§ Task description
Leave out every picture and set down, exactly, the lines below from the one holding "企業中標包數方面,共有15家" up to and including the one holding "华为mate80系列开卖已超".

§ Working data

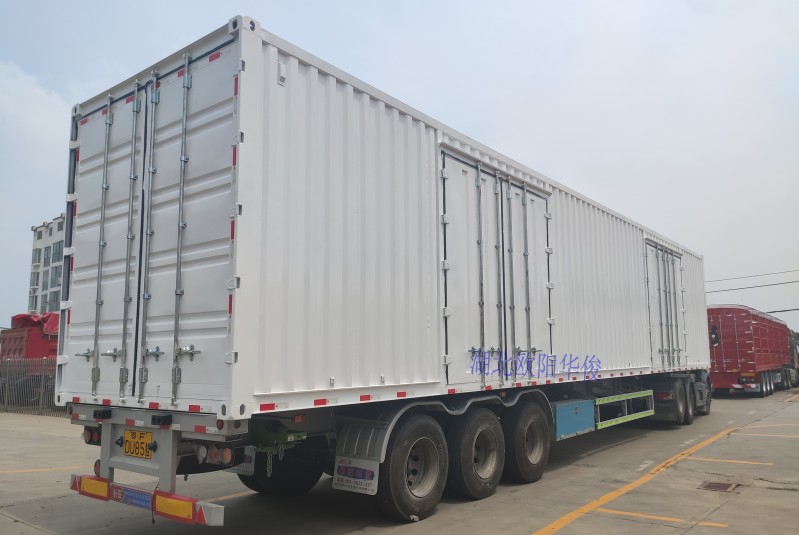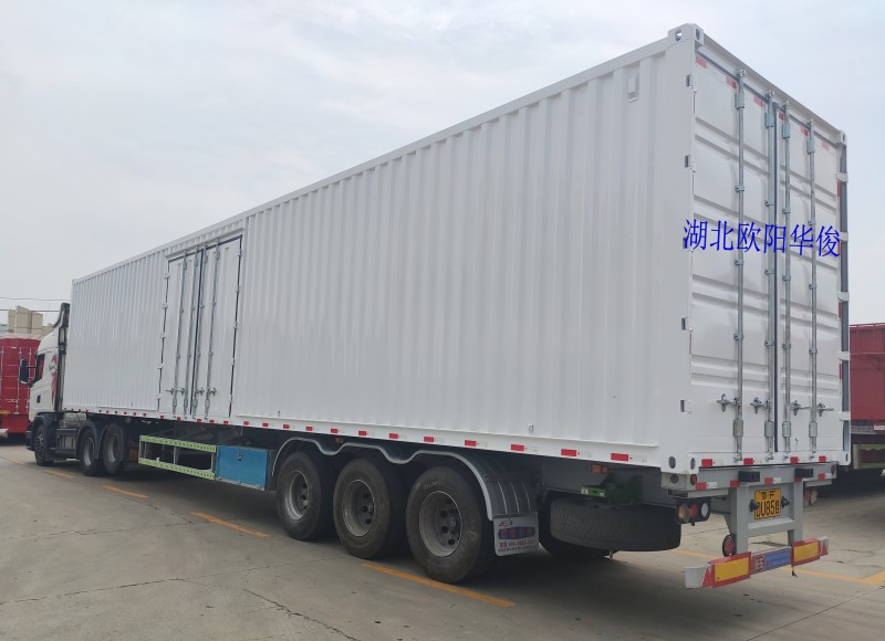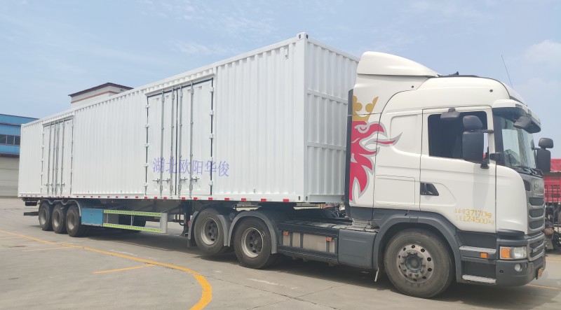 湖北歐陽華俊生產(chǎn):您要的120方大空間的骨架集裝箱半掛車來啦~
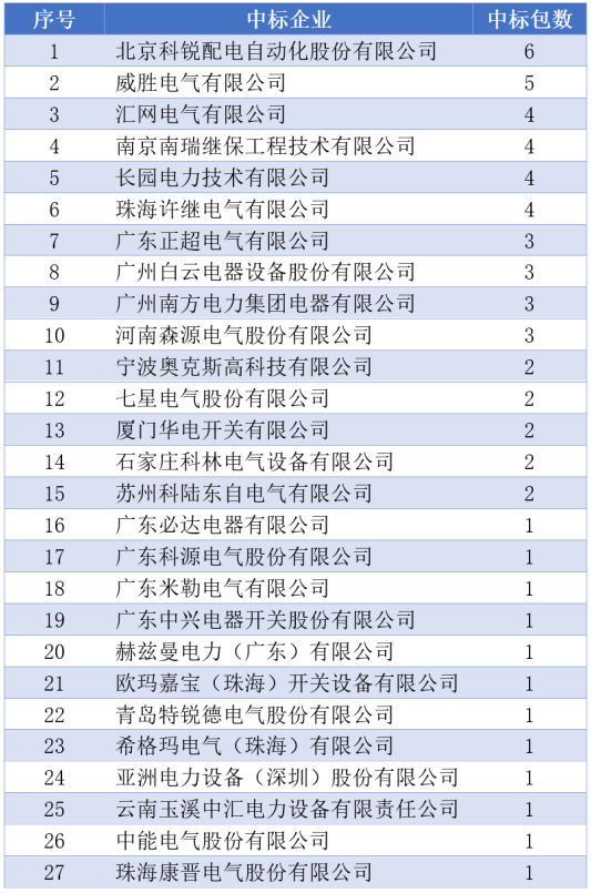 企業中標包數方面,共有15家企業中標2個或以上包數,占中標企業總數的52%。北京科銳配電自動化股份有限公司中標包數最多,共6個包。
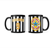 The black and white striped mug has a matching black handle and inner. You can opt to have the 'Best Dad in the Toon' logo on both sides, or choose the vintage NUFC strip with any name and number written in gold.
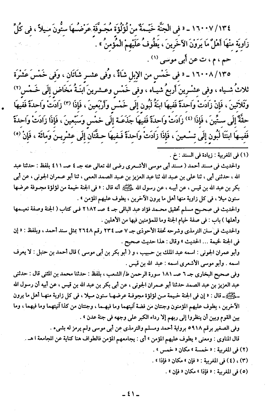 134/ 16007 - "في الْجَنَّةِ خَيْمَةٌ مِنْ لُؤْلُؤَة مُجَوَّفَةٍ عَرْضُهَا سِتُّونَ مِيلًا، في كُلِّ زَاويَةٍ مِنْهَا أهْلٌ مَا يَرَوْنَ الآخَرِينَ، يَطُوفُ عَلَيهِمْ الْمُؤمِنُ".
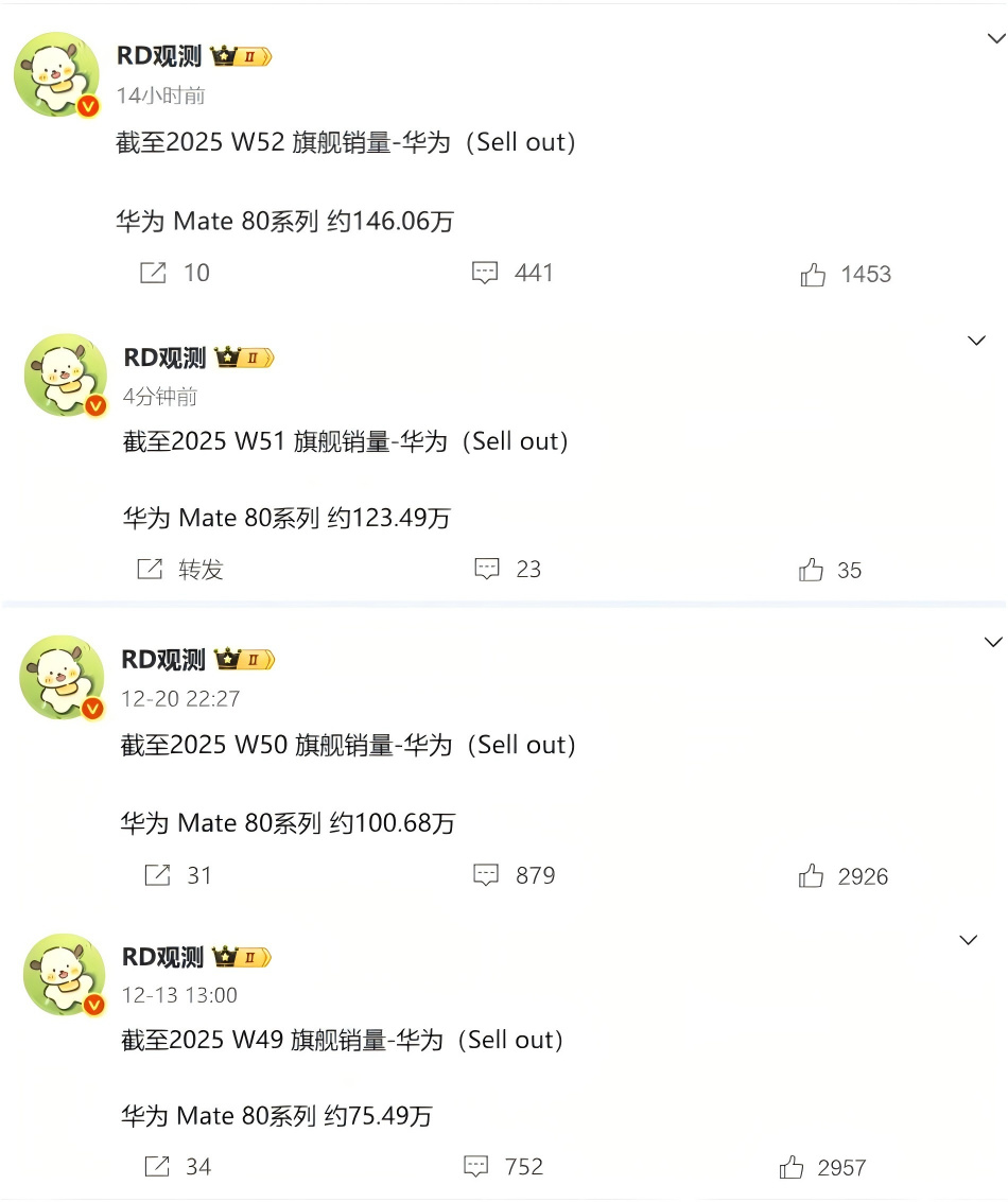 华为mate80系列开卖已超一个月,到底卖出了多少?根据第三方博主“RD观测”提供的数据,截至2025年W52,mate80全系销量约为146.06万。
==
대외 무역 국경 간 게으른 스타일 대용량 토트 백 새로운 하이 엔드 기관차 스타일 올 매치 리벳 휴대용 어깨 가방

§ Solution to this task
 企業中標包數方面,共有15家企業中標2個或以上包數,占中標企業總數的52%。北京科銳配電自動化股份有限公司中標包數最多,共6個包。
 The black and white striped mug has a matching black handle and inner. You can opt to have the 'Best Dad in the Toon' logo on both sides, or choose the vintage NUFC strip with any name and number written in gold.
 134/ 16007 - "في الْجَنَّةِ خَيْمَةٌ مِنْ لُؤْلُؤَة مُجَوَّفَةٍ عَرْضُهَا سِتُّونَ مِيلًا، في كُلِّ زَاويَةٍ مِنْهَا أهْلٌ مَا يَرَوْنَ الآخَرِينَ، يَطُوفُ عَلَيهِمْ الْمُؤمِنُ".
 华为mate80系列开卖已超一个月,到底卖出了多少?根据第三方博主“RD观测”提供的数据,截至2025年W52,mate80全系销量约为146.06万。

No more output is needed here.